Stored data
■ ■ ■

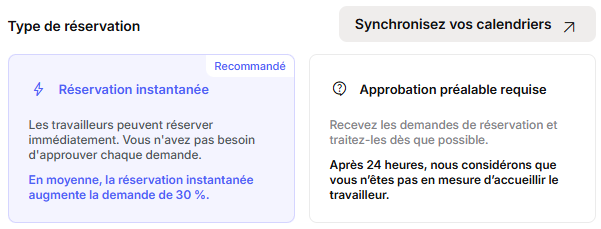 ATTENTION : Avoir votre espace en réservation instantanée sur une catégorie implique que votre calendrier soit à jour. Pour rappel, vous pouvez mettre à jour manuellement votre calendrier dans vos Fermetures, ou de façon automatique via la synchronisation de calendriers.
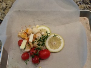 Basically, this is how it goes: in a parchment packet, steam-roast a few cherry tomatoes with some hearts of palm, a bit of garlic, some thyme, a couple slices of lemon, some olive oil and a pat of butter. If you are lucky enough to live down the street from Penseys Spices, (like me) or can plan enough ahead to order online, get ye some of their berbere spice blend and throw in a dash or two of that too. “What is berbere,” you ask? Good question. Here’s what Penseys says:
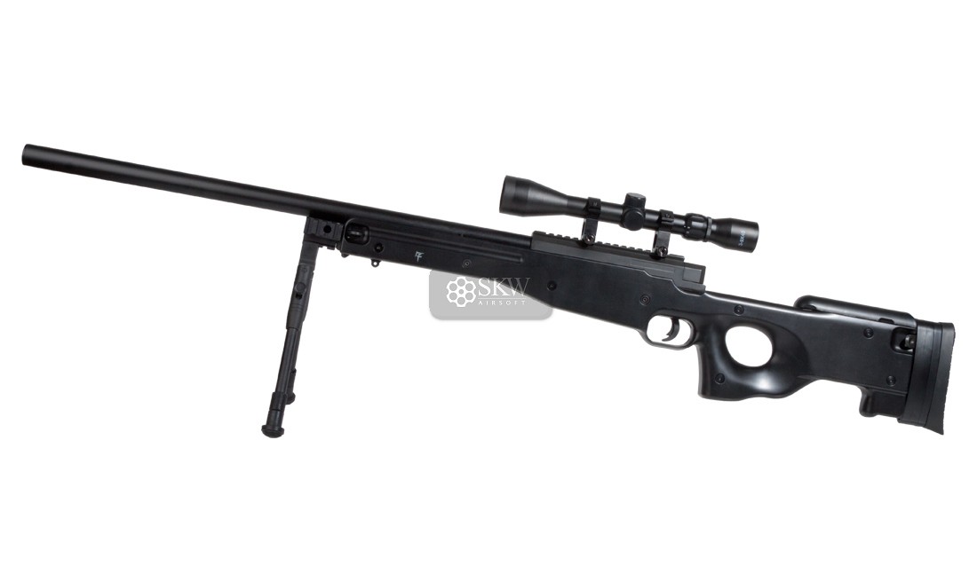 Saigo Defense L96 muelle negro, rifle de cerrojo de alto rendimiento. Precisión y potencia excepcionales para tiros a larga distancia.
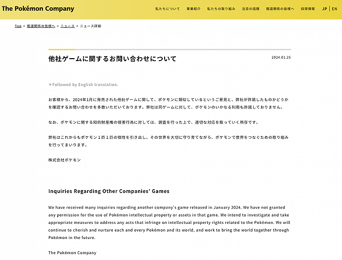 1月25日,针对爆款新游《幻兽帕鲁》被指抄袭《宝可梦》一事,宝可梦公司在其官网发布声明称,尚未授予在该游戏中使用宝可梦知识产权或资产的任何许可。宝可梦表示,将对任何侵害宝可梦相关知识产权的行为进行调查并采取适当措施。
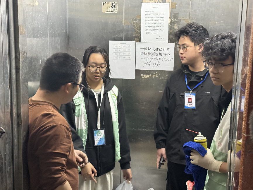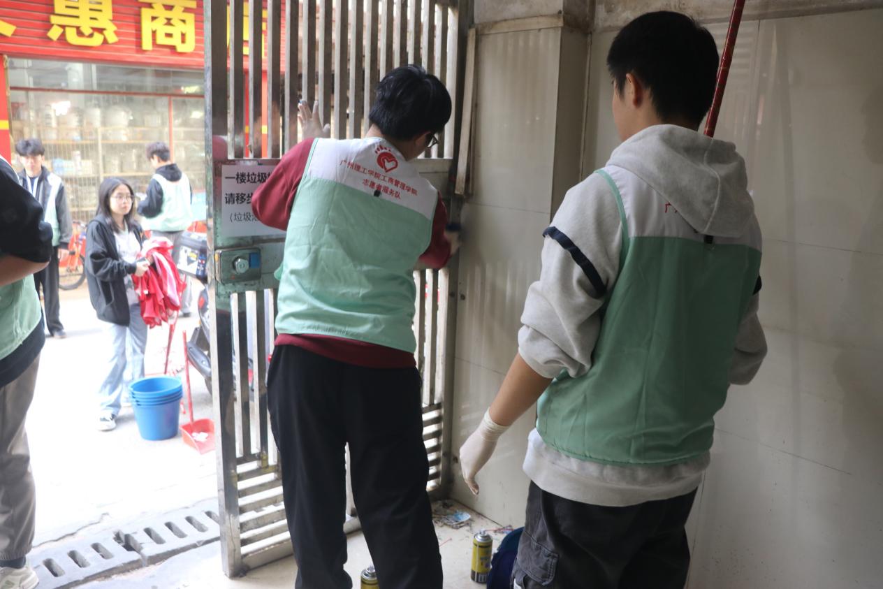 本次活动主要负责穗丰村居民楼的清洁工作。志愿者们在穗丰村农贸综合市场准时集合并领取清洁工具。随后,穗丰村委负责人简要介绍分工及各注意事项。在明确任务后,志愿者们井然有序地前往指定地点展开清洁工作。志愿者们对居民楼楼道内的垃圾杂物等进行清扫搬运,同时清洁电梯以及消火栓,铲掉楼道以及电线杆上贴的广告。志愿者们不放过任何卫生死角,用实际行动为穗丰村人居环境的改善贡献力量。
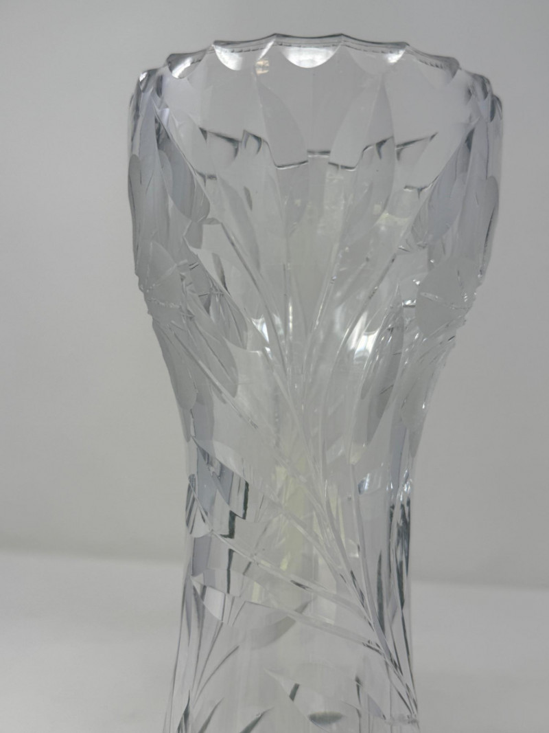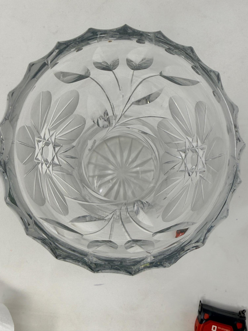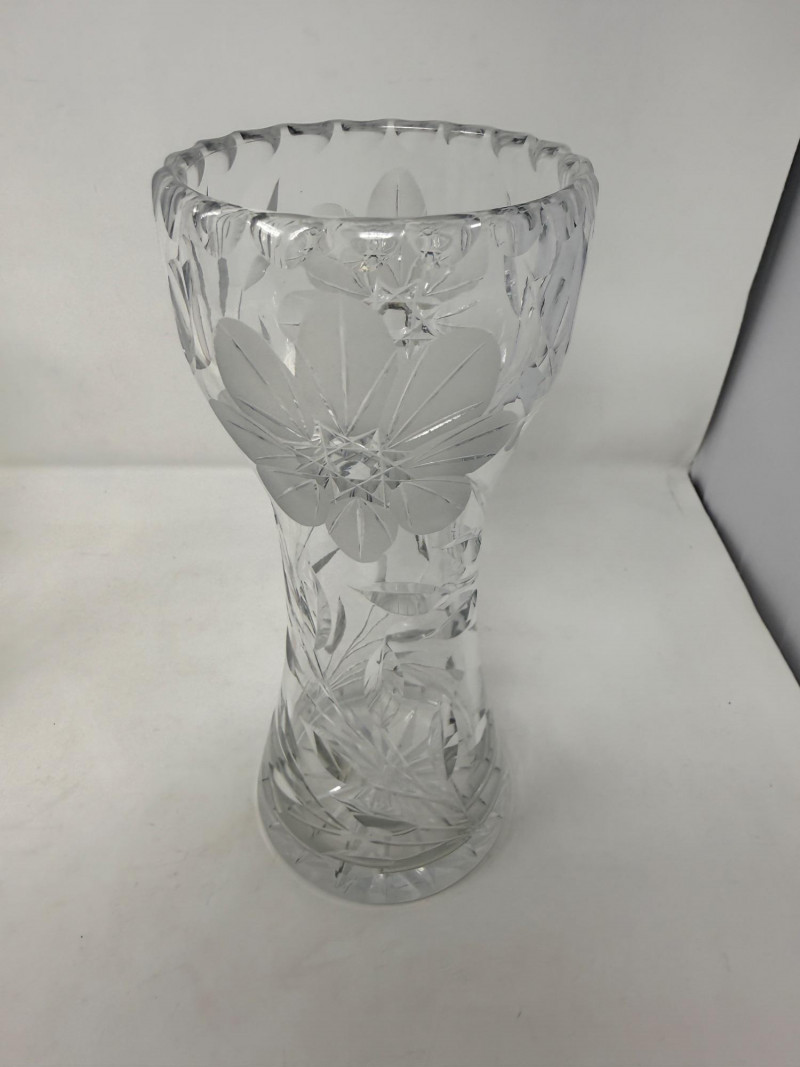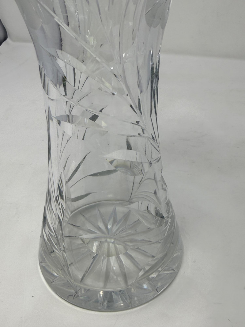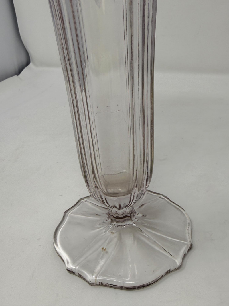 vintage crystal or glass vase, likely manufactured between the 1920s and 1940s, featuring a flared, scalloped rim and often found with etched floral designs. Design: The vase typically has a fluted or molded base with a radial pattern and a trumpet-shaped body. Style: Often categorized as Art Deco or classical crystal glass
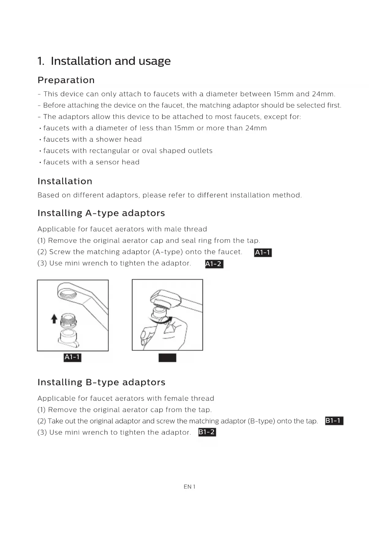 - faucets with a sensor head Installation Preparation Based on different adaptors, please refer to different installation method. Installing A-type adaptors Applicable for faucet aerators with male thread (1) Remove the original aerator cap and seal ring from the tap. (2) Screw the matching adaptor (A-type) onto the faucet. (3) Use mini wrench to tighten the adaptor. Installing B-type adaptors Applicable for faucet aerators with female thread (1) Remove the original aerator cap from the tap. (2) Take out the original adaptor and screw the matching adaptor (B-type) onto the tap. (3) Use mini wrench to tighten the adaptor. EN 1 B1-1 B1-2 A1-1 A1-1 A1-2 A1-2Installing C-type adaptor Applicable for faucets other than A or B with a diameter of 15mm-21mm. Please prepare a slotted screwdriver in advance before installing. C-type adaptor. (1) Whether the inner or the outer seal ring of C-type adaptor is necessary depends on the dimension of the faucet outlet. (2) Combine the B-type adaptor with the C-type adaptor. (3) Adjust and screw the combined adaptors onto faucet. Caution

■ ■ ■

- [Brief]:
Repeat exactly, and only, the entries from the line with "Saigo Defense L96" through the line with "vintage crystal or". Pictures are skipped.

- [Answer to the exercise]:
 Saigo Defense L96 muelle negro, rifle de cerrojo de alto rendimiento. Precisión y potencia excepcionales para tiros a larga distancia.
 1月25日,针对爆款新游《幻兽帕鲁》被指抄袭《宝可梦》一事,宝可梦公司在其官网发布声明称,尚未授予在该游戏中使用宝可梦知识产权或资产的任何许可。宝可梦表示,将对任何侵害宝可梦相关知识产权的行为进行调查并采取适当措施。
 本次活动主要负责穗丰村居民楼的清洁工作。志愿者们在穗丰村农贸综合市场准时集合并领取清洁工具。随后,穗丰村委负责人简要介绍分工及各注意事项。在明确任务后,志愿者们井然有序地前往指定地点展开清洁工作。志愿者们对居民楼楼道内的垃圾杂物等进行清扫搬运,同时清洁电梯以及消火栓,铲掉楼道以及电线杆上贴的广告。志愿者们不放过任何卫生死角,用实际行动为穗丰村人居环境的改善贡献力量。
 vintage crystal or glass vase, likely manufactured between the 1920s and 1940s, featuring a flared, scalloped rim and often found with etched floral designs. Design: The vase typically has a fluted or molded base with a radial pattern and a trumpet-shaped body. Style: Often categorized as Art Deco or classical crystal glass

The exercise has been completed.